Followers

Thursday 30 July 2015

What the Eden Project tropical waterfall says

(sorry - title's a bit forced; I needn't need to meditate or sit by the waterfall, what follows hit me from the start of a five-hour family visit.)

It's a no doubt irritating habit of mine to enthuse madly about things the people I'm talking/writing to probably already know about. But what the hell - have you been to the Eden project, just outside St Austell, in Cornwall?


A familiar image, perhaps. The meaning of the Project, what it can, in the best of all ways (immersion) teach us is valuable beyond price. 

Of course it's expensive - look at the scale and complexity of the whole thing! It's excellent value for money, though. And the kids loved it.

At the social level, it shows what can be done with a truly creative vision, given guts, energy and good team-work - and of course, brilliant fund-raising and planning.
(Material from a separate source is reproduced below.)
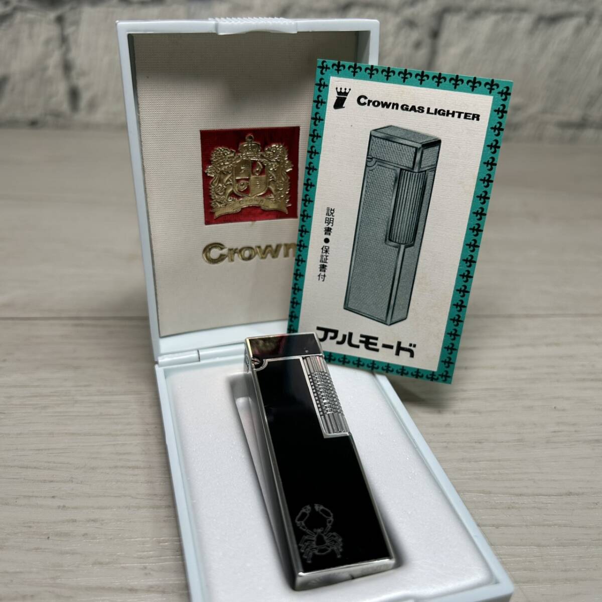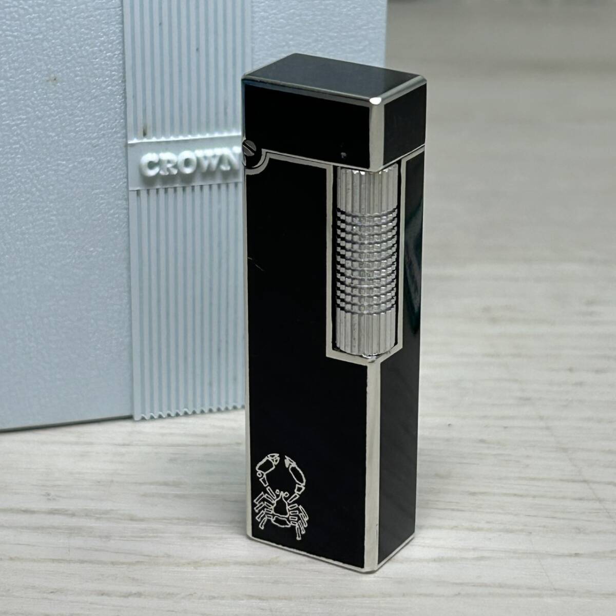 ●【YH-4314】保管品 CROWN ALUMODE クラウン アルモード スリム ローラー ガスライター ブラック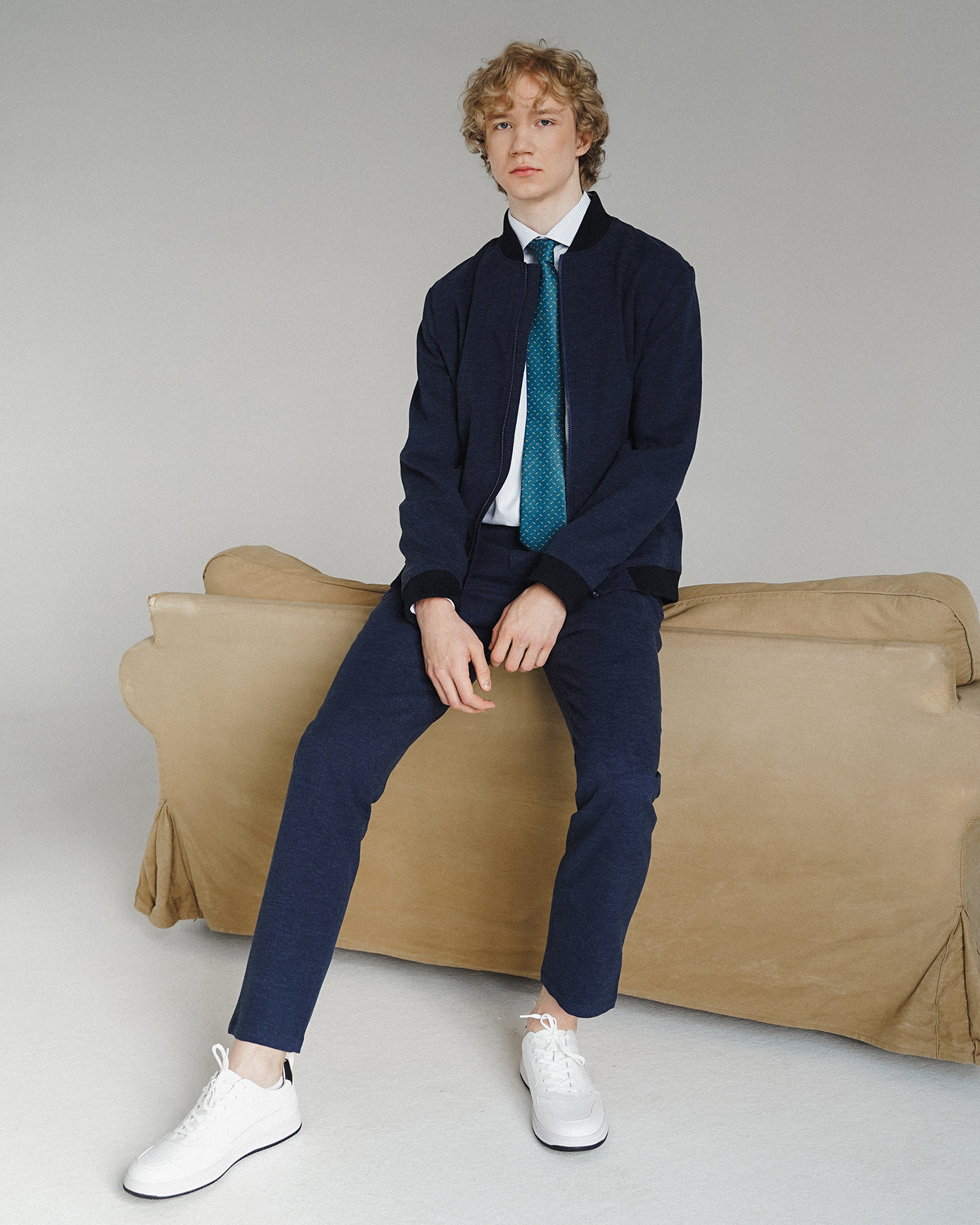 Универсальный образ как для прогулок, так и на выпускной вечер состоит из жакета-бомбер темно-синего цвета с застежкой на молнию, из рубашки светло-голубого цвета в мелкий рисунок, также из брюк-чинос темно-синего цвета в мелкий оптический рисунок.

In those aspects alone, it is a truly heartwarming and encouraging place. It's brought a lot of employment and money into an area that badly needed both.

Did you ever visit the old disused claypits in the area pre-Project? Fascinating, but - yuk. This is what Eden looked like before they got going.





 It's not just the chance to explore and learn about the plants of medditeranean and tropical regions inside the mighty Biomes. I came away with a much stronger sense of the interrelatedness of organic and non-organic things - life-forms and environments.

eg this:


 The Seed. A huge solid (Cornish granite) sculpture which you are invited to contemplate quietly - it's set a little apart in its own space. It represents all seeds, and more - some deep structures. 

You'll recognise the patterning from things such as a sunflower seed-head. The sculptor worked up a groundplan plan of 2000 circles according to Fibonacci numbers onto a graceful curved cone. According to Wikipedia, "(Fibonacci sequences) also appear in biological settings,[9] such as branching in trees, phyllotaxis (the arrangement of leaves on a stem), the fruit sprouts of a pineapple,[10] the flowering of an artichoke, an uncurling fern and the arrangement of a pine cone's bracts."

One of the signatures of the underlying unities of life, and of abstract human thought. Fibonacci sequences are, apparently, closely linked to the Golden Mean, that ancient guide to satisying proportionality in works of art.

What the Project tells us - no, what it makes us feel as well as think - is that we are entirely linked to the rest of the living and non-living world, and we are the first creatures to be able to conceptualise that underlying unity abstract thought and in works of art. So, er - let's not blow it.

BTW, outside the Domes there are some amusing and thought-provoking displays. It does this without being too preachy. Here's the Junk Monster - made up with what each of us will throw away in a lifetime, in the way of appliances and IT stuff:


And there's some lovely planting, to satisfy inquisitive gardeners even on a grey, showery day:

We live in a wordworld of exaggerated and trivial superlatives, but even that won't stop me saying that the Eden Project is amazing 
(OED "causing great surprise or wonder; astonishing" - so, not just "great fun" or even "cool....")

I'm proud of what they've achieved, and I'm not even Cornish!